> **The problem**
Starting with the line with "创建完毕后,将之前制作的ppt上传至仓库中的main分支" in the entries below and going on through the line with "紫薯球、蝦球和起士球搭配而成", output every line exactly and nothing more. No pictures.
** Input follows **
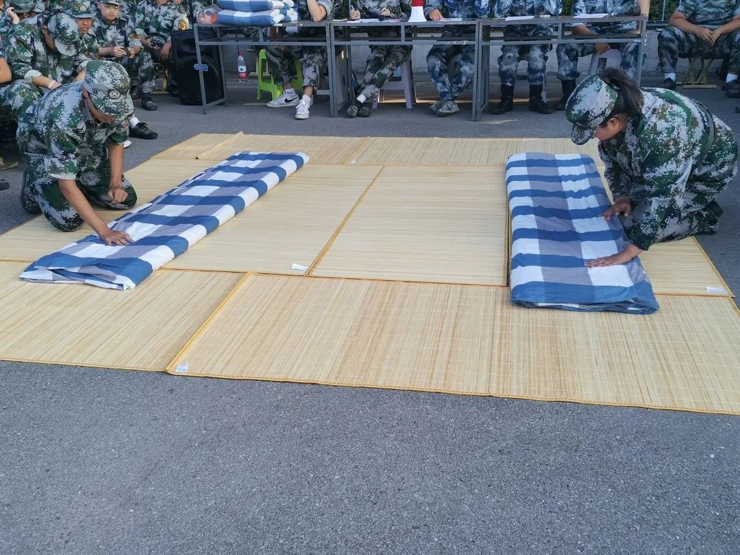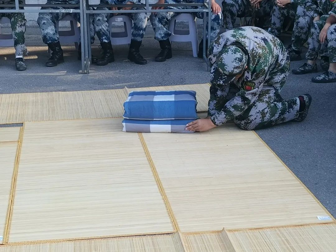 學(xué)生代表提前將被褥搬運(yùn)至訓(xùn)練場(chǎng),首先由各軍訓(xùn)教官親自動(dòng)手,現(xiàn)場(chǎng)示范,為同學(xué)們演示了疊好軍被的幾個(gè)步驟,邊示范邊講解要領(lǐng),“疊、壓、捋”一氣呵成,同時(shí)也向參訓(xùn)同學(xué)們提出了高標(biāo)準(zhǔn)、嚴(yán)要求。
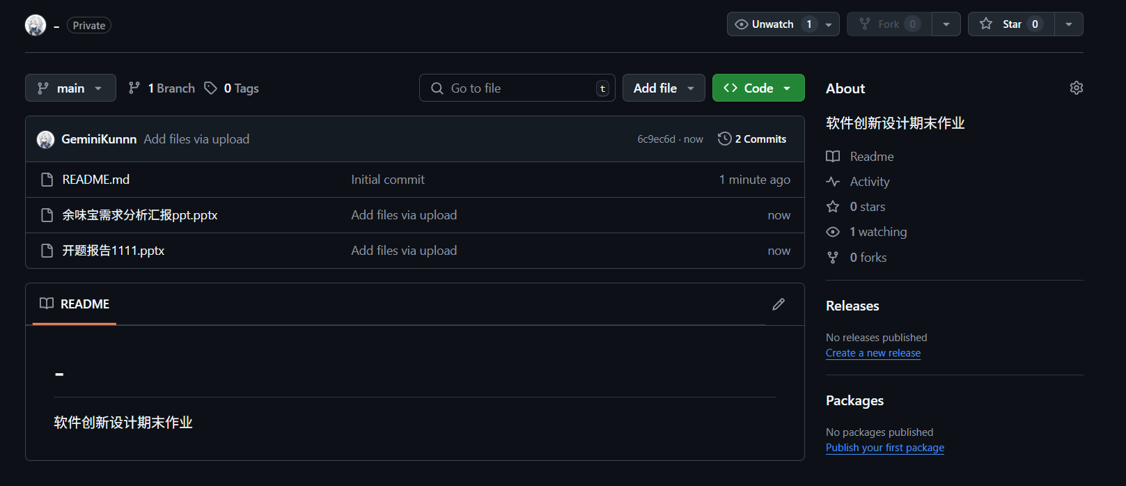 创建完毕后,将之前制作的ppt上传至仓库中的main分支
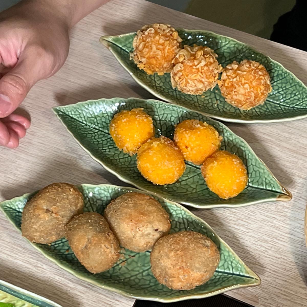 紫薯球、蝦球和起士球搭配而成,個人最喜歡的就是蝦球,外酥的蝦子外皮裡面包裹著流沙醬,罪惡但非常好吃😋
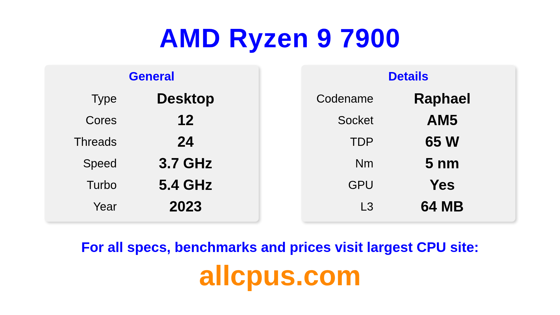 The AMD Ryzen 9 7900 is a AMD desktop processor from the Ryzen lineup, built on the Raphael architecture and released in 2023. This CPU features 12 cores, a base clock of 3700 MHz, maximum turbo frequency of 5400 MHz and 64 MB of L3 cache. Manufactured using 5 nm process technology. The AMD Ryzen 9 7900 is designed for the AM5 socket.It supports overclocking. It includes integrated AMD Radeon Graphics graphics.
** End of Input **
** Input follows **
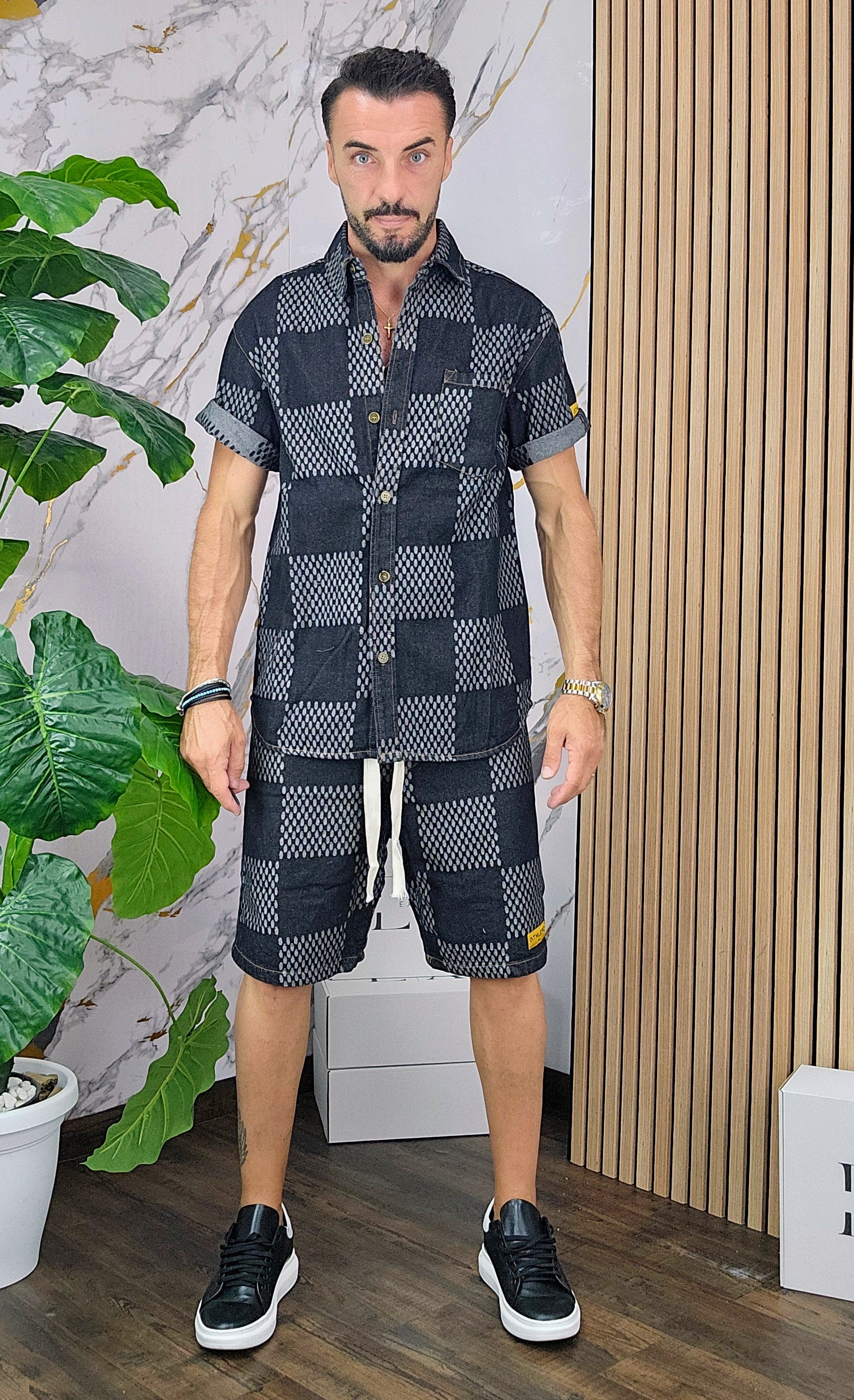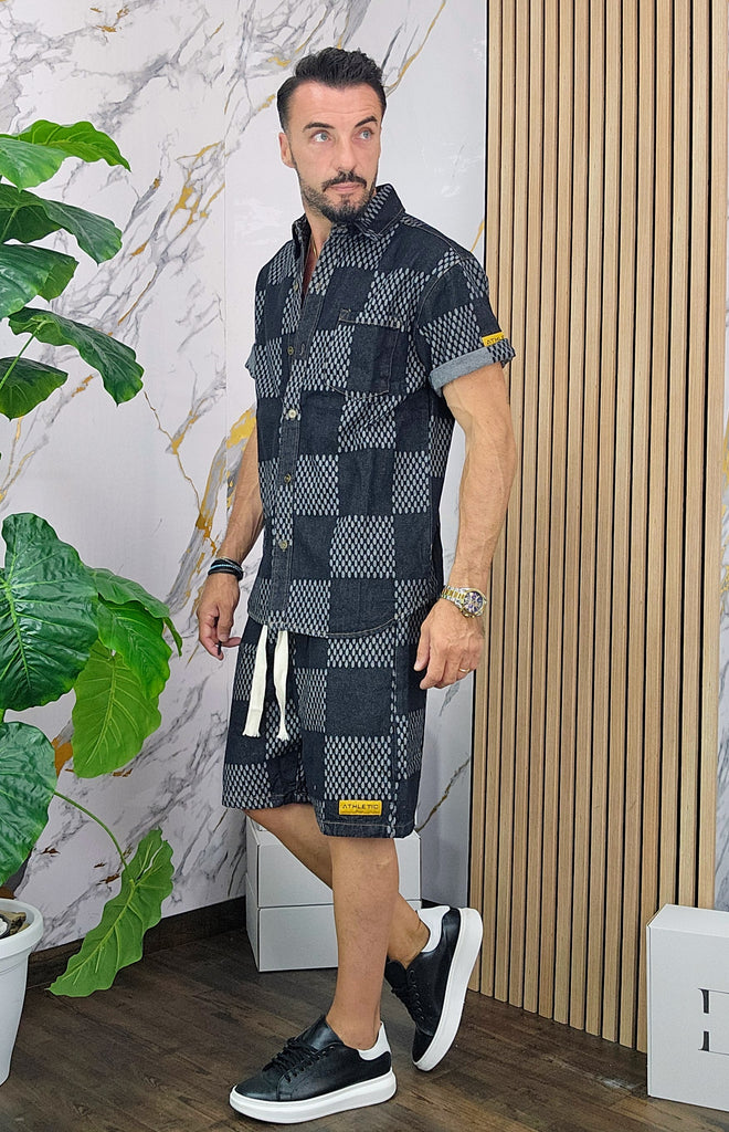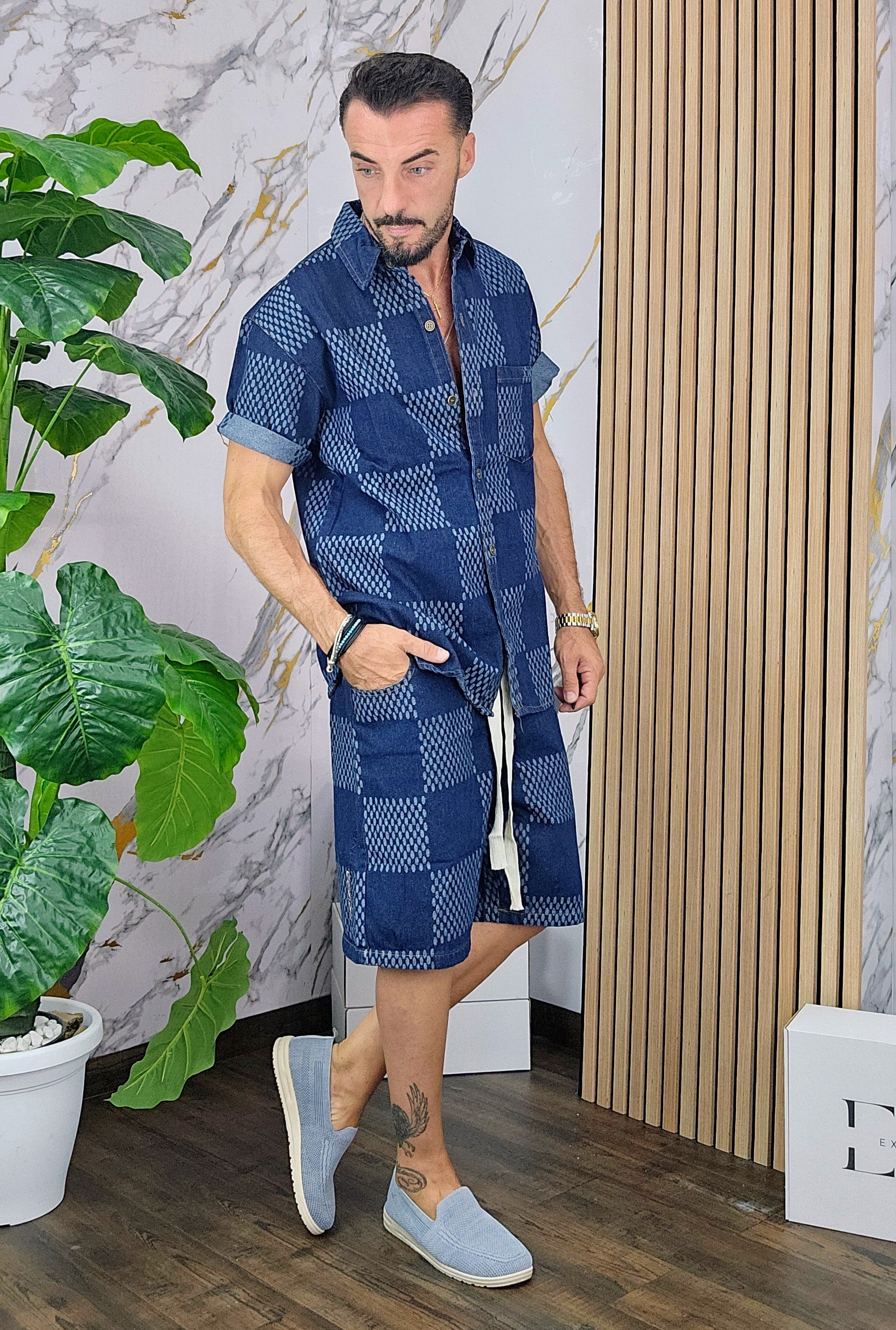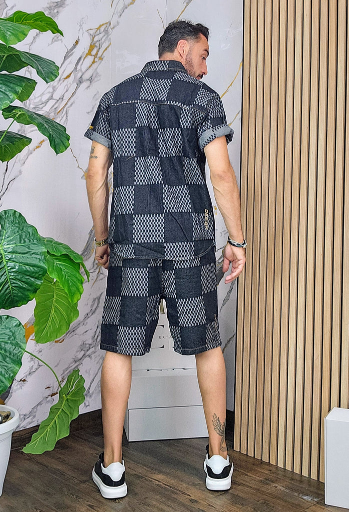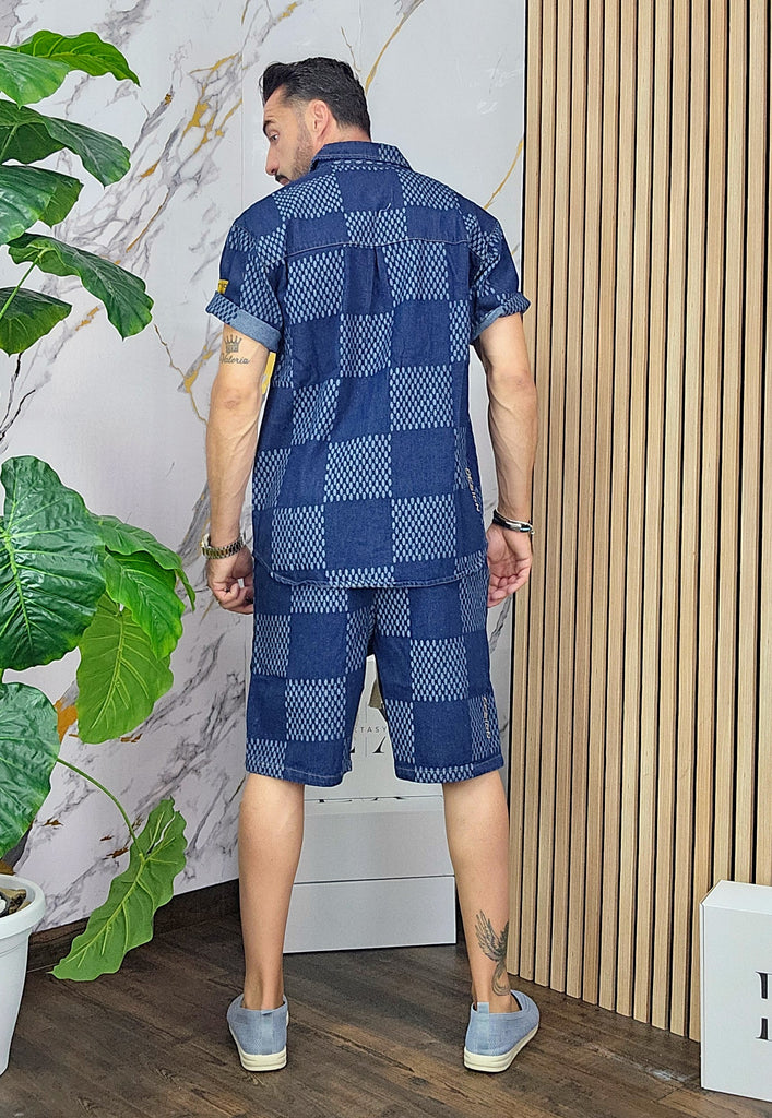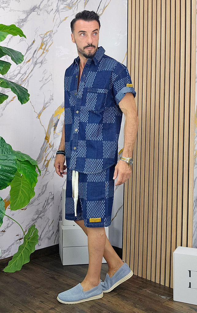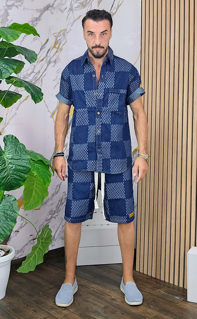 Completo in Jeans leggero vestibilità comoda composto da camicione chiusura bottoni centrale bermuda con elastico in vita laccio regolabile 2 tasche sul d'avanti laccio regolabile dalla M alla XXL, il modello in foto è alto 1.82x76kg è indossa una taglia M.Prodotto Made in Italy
** End of Input **
** Input follows **
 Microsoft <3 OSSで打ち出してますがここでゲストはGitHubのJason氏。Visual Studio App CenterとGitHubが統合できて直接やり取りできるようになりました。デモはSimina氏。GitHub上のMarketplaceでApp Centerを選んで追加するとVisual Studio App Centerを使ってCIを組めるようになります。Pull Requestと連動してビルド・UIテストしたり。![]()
** End of Input **
> **Solution for this task**
 创建完毕后,将之前制作的ppt上传至仓库中的main分支
 紫薯球、蝦球和起士球搭配而成,個人最喜歡的就是蝦球,外酥的蝦子外皮裡面包裹著流沙醬,罪惡但非常好吃😋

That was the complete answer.